# EXERCISE AIM:
Write out the data that follows exactly, keeping every picture out.

# DATA PROVIDED:
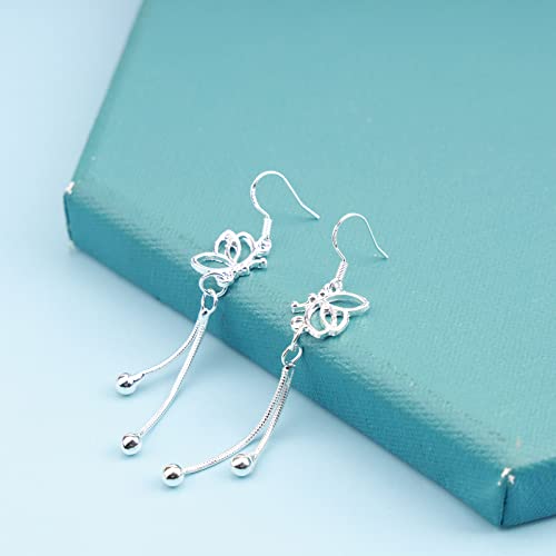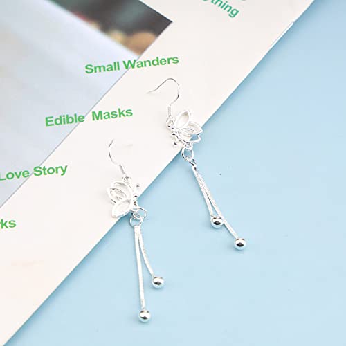 Aneneiceera Boho Farfalla Goccia Dangle Orecchini Moda Argento Orecchini Argento Perlina Orecchini Lunga Catena Nappa Orecchini Quotidiano Festa Orecchini Vintage Gioielli Di Nozze Per Le Donne E Le
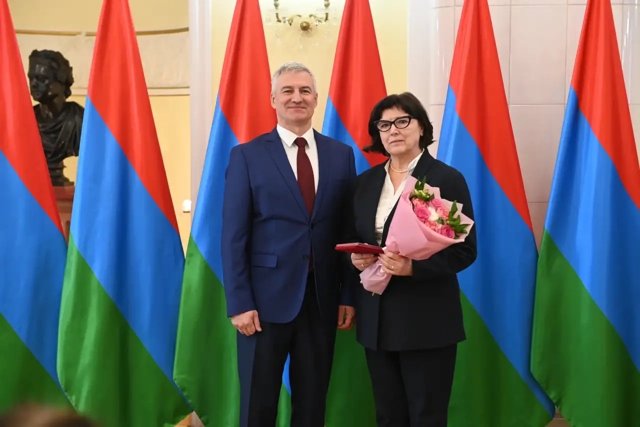 Глава Карелии Артур Парфенчиков присвоил почётное звание «Заслуженный деятель науки Республики Карелия» заведующей лабораторией Института геологии Карельского научного центра РАН Наталье Рожковой.
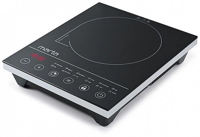 Un autre représentant de la production chinoise a fait ses preuves auprès des résidents d'été russes. La table de cuisson électrique à induction compacte ne peut être utilisée qu'avec des ustensiles de cuisine spécialement conçus pour le chauffage par induction, sinon l'appareil ne s'allumera tout simplement pas. L'appareil dispose de 5 programmes de cuisson - réglage intelligent du chauffage et du temps. Sur l'écran tactile, vous pouvez régler manuellement la puissance de 200 à 2000 W, ce qui correspond à une température de 60 à 270°C. Vous pouvez suivre le temps de cuisson sur l'affichage électronique. Dans le même temps, la plaque à induction est protégée contre la surchauffe, équipée d'un thermostat.Sur la surface en vitrocéramique, aucun dépôt ne se forme même lorsque du liquide est renversé, le panneau de travail s'essuie facilement avec un chiffon doux avec des détergents liquides.

# TASK RESULT:
 Aneneiceera Boho Farfalla Goccia Dangle Orecchini Moda Argento Orecchini Argento Perlina Orecchini Lunga Catena Nappa Orecchini Quotidiano Festa Orecchini Vintage Gioielli Di Nozze Per Le Donne E Le
 Глава Карелии Артур Парфенчиков присвоил почётное звание «Заслуженный деятель науки Республики Карелия» заведующей лабораторией Института геологии Карельского научного центра РАН Наталье Рожковой.
 Un autre représentant de la production chinoise a fait ses preuves auprès des résidents d'été russes. La table de cuisson électrique à induction compacte ne peut être utilisée qu'avec des ustensiles de cuisine spécialement conçus pour le chauffage par induction, sinon l'appareil ne s'allumera tout simplement pas. L'appareil dispose de 5 programmes de cuisson - réglage intelligent du chauffage et du temps. Sur l'écran tactile, vous pouvez régler manuellement la puissance de 200 à 2000 W, ce qui correspond à une température de 60 à 270°C. Vous pouvez suivre le temps de cuisson sur l'affichage électronique. Dans le même temps, la plaque à induction est protégée contre la surchauffe, équipée d'un thermostat.Sur la surface en vitrocéramique, aucun dépôt ne se forme même lorsque du liquide est renversé, le panneau de travail s'essuie facilement avec un chiffon doux avec des détergents liquides.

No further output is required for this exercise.